RECORDS PROVIDED ::

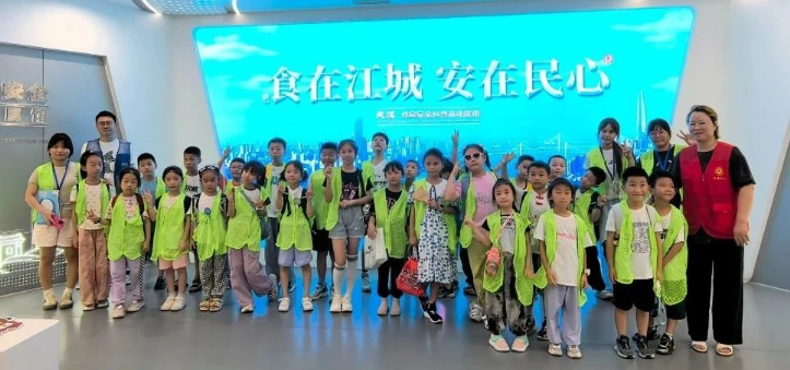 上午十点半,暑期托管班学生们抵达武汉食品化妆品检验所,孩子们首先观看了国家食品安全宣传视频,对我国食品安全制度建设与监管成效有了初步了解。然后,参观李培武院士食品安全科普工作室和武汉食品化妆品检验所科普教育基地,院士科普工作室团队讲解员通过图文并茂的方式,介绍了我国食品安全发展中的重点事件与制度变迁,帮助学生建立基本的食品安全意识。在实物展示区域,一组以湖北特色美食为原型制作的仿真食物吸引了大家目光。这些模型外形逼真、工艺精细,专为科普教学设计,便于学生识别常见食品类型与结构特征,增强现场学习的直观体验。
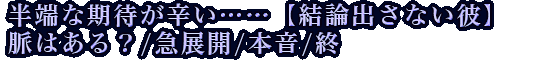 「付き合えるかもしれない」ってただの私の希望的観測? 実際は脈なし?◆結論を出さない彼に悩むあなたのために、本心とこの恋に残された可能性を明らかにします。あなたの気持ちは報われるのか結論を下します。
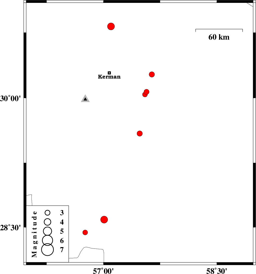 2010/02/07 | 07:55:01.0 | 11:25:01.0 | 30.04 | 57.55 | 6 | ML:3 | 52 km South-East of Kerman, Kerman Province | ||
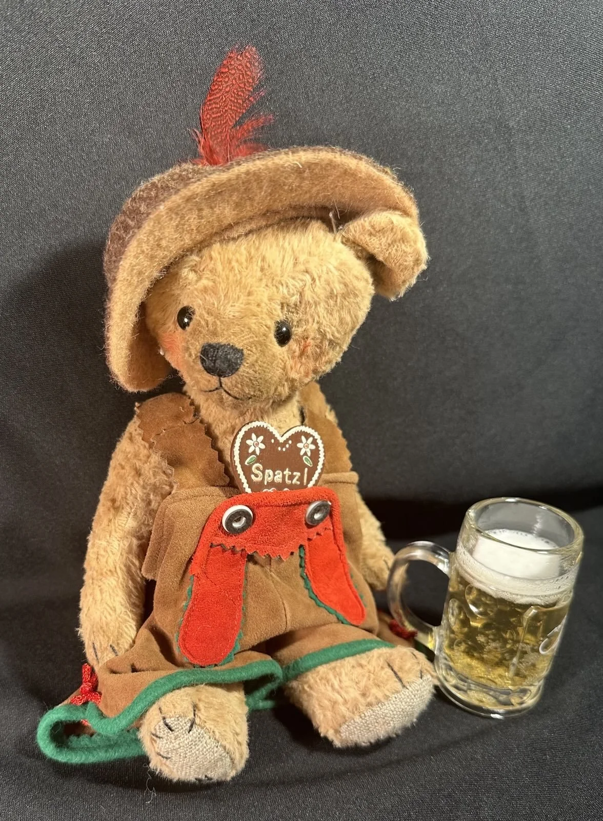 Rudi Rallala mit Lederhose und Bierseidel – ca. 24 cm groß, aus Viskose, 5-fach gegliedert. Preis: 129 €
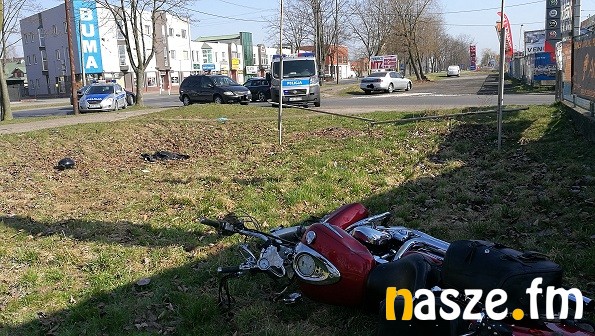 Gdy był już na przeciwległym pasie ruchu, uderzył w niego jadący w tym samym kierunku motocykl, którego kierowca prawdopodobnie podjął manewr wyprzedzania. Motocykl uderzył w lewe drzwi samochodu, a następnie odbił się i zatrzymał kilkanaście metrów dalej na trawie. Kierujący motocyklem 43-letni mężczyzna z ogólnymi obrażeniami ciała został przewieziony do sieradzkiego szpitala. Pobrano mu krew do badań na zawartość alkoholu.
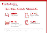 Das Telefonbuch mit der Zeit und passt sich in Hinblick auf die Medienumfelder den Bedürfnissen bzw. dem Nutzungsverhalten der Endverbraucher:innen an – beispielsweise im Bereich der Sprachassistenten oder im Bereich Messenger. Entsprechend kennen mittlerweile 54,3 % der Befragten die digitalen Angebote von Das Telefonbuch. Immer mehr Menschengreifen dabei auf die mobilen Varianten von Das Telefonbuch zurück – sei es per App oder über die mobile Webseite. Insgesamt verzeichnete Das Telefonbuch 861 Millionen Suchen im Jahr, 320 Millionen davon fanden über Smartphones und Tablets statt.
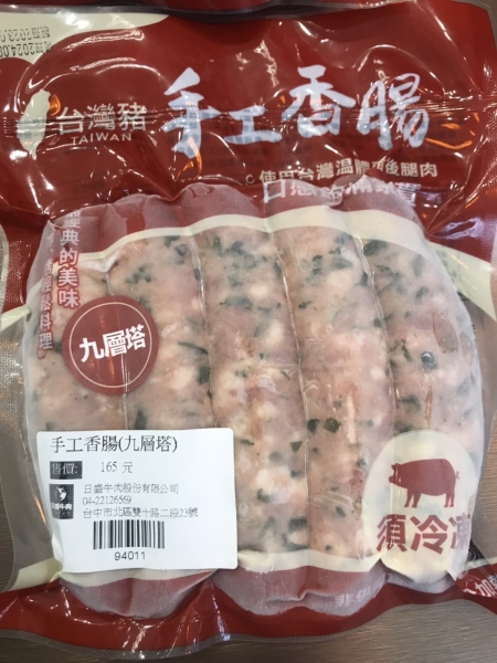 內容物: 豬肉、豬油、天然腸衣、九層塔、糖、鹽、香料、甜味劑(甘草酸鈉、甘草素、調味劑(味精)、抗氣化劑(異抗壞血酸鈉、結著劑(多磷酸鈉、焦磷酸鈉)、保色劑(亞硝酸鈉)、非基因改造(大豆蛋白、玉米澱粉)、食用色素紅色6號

==

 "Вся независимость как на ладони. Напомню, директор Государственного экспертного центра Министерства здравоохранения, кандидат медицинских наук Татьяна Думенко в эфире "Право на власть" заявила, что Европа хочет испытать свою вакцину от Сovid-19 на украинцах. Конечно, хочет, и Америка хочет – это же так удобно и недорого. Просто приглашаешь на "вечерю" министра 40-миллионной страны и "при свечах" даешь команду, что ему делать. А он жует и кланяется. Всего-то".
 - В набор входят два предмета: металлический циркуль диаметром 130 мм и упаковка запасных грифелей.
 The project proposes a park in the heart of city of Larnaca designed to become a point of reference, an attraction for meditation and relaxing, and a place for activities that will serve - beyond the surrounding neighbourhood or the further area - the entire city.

WHAT YOU WILL DO ::
Find the line with "上午十点半,暑期托管班学生们" in the entries above. Set down exactly every line from it up to and including the line with "Gdy był już", images excluded.

FINAL ANSWER ::
 上午十点半,暑期托管班学生们抵达武汉食品化妆品检验所,孩子们首先观看了国家食品安全宣传视频,对我国食品安全制度建设与监管成效有了初步了解。然后,参观李培武院士食品安全科普工作室和武汉食品化妆品检验所科普教育基地,院士科普工作室团队讲解员通过图文并茂的方式,介绍了我国食品安全发展中的重点事件与制度变迁,帮助学生建立基本的食品安全意识。在实物展示区域,一组以湖北特色美食为原型制作的仿真食物吸引了大家目光。这些模型外形逼真、工艺精细,专为科普教学设计,便于学生识别常见食品类型与结构特征,增强现场学习的直观体验。
 「付き合えるかもしれない」ってただの私の希望的観測? 実際は脈なし?◆結論を出さない彼に悩むあなたのために、本心とこの恋に残された可能性を明らかにします。あなたの気持ちは報われるのか結論を下します。
 2010/02/07 | 07:55:01.0 | 11:25:01.0 | 30.04 | 57.55 | 6 | ML:3 | 52 km South-East of Kerman, Kerman Province | ||
 Rudi Rallala mit Lederhose und Bierseidel – ca. 24 cm groß, aus Viskose, 5-fach gegliedert. Preis: 129 €
 Gdy był już na przeciwległym pasie ruchu, uderzył w niego jadący w tym samym kierunku motocykl, którego kierowca prawdopodobnie podjął manewr wyprzedzania. Motocykl uderzył w lewe drzwi samochodu, a następnie odbił się i zatrzymał kilkanaście metrów dalej na trawie. Kierujący motocyklem 43-letni mężczyzna z ogólnymi obrażeniami ciała został przewieziony do sieradzkiego szpitala. Pobrano mu krew do badań na zawartość alkoholu.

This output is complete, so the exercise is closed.